И прошла еще одна неделя. Теперь уже всем было понятно, что на факультете от них отреклись или в самом деле заключили секретный договор и тайно продали в колхозную неволю. Так долго студенты не работали на картошке никогда. Месяц, самое большее полтора. И в договоре между совхозом и факультетом это было написано. А дальше – учебные планы, списки литературы, преподаватели начинают возмущаться, учебная часть беспокоится, кафедры ропщут, ученый совет бьет тревогу, из Министерства каждый день звонят, на парткоме все заседания начинаются с одного вопроса: как там на картошке? Но в этот год пошло не так. Из-за Олимпиады, из-за войны в Афганистане, из-за Продовольственной программы, которую уже задумали в просторных кабинетах Госплана и ЦК, но еще не знали, как выполнять, затянулись сельхозработы по всей стране. Один Бодуэн был спокоен:
– Вы эту картошку как счастье потом вспоминать будете. А я их за каждый лишний день в десятерном размере платить заставлю. Они на нас разорятся, дураки.

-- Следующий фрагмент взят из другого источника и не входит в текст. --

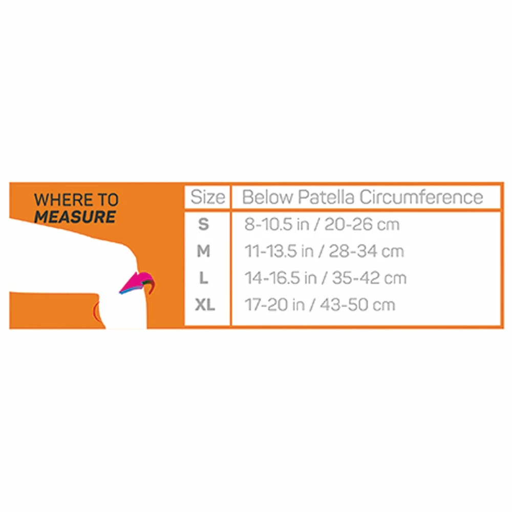 The OS 1st PS3 works to relieve pain associated with Patellar Tendinitis or Jumpers Knee. This sleeve is made with lightweight material infused with Compression Zone Technologyยฎ to apply graduated compression to the patellar tendon. You can easily wear this sleeve under clothing due to its sleek design. A hypoallergenic gel helps keep the sleeve in place when you are active without causing irritation. Pack this sleeve away easily in your gym or travel bag.

Но даже этими посулами народ было не утешить. Не денег хотелось, а домой. И Павлику после Алениных невнятных слов и темных обещаний тоже больше всего этого хотелось, но ускорить возвращение он не мог.

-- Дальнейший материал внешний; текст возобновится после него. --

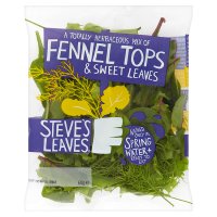 Steve’s Leaves Fennel Tops and Sweet Leaves blurb reads: A totally herbaceous mix of fennel tops and some of our favourite sweet leaves, namely: baby spinach, baby green batavia and baby chard. Not only is it a natural source of folic acid and vitamins A and C, but it’s washed only in spring water and ready to eat.

А Бодуэн всё понимал и рассказывал свои сказки:
– Значит, так, судари и сударыни. Кому отдыхать, перекуривать – пожалуйте, рабочий день восемь часов – и отдыхайте. Но имейте в виду: всю свою зарплату вы проедаете, так что не получите ничего. Кому деньги охота зарабатывать – работайте и свое, обещаю, получите. Деньги в совхозе есть, и хорошие деньги, что б они там ни говорили. А тем более с таким урожаем. Трудиться будем на совесть и учет поведем честно, без обид, с коэффициентами за всё: за выходные, сверхурочные, сложные погодные, суточные, авральные. Даже за то, что на поле пешком ходим, а не на автобусе нас везут, за то, что воды горячей и сортиров нормальных нет, – посмотрел он на Богача, – за всё пусть платят. Неволить никого не стану, но деньги будут как в стройотряде. Я с совхозным бригадиром этот вопрос решу, а иначе мы в поле точно не выйдем.
– Послушают они тебя, как же… – сказал Роман ревниво: он никак не мог смириться с тем, что власть потерял и всякая шантрапа, непонятно к какой национальности относящаяся, им командует, а сама мысль, что можно было потребовать с совхоза деньги за отсутствующие в поле удобства, его окончательно добила.
– Никуда они не денутся, – усмехнулся Бодуэн. – А если что, я на них газету натравлю. Их надо бить их же оружием и никому не позволять над нами довлеть.
– Чего-чего не позволять? – встрепенулся Сыроед, как при поклевке, и прищурил глаза.
– Давить на нас не давать.
– Матчасть учи, профессор! – подсек Эдуард торжествующе. – Русский язык храни. Норму блюди. Довлеть и давить – это разные слова. И нельзя ни над кем довлеть. Правда, Рубчик?
– Довлеет дневи злоба его, – подтвердил Данила. – Эдичка прав. Довлеть – это значит «хватать, быть достаточным».
– Ну так довлеет тебе пятьдесят грамм каждый вечер, и не каплей больше! – рассердился Бодуэн.
– Граммов.
– А вот тут нет, – опроверг Данила. – Возможны оба варианта.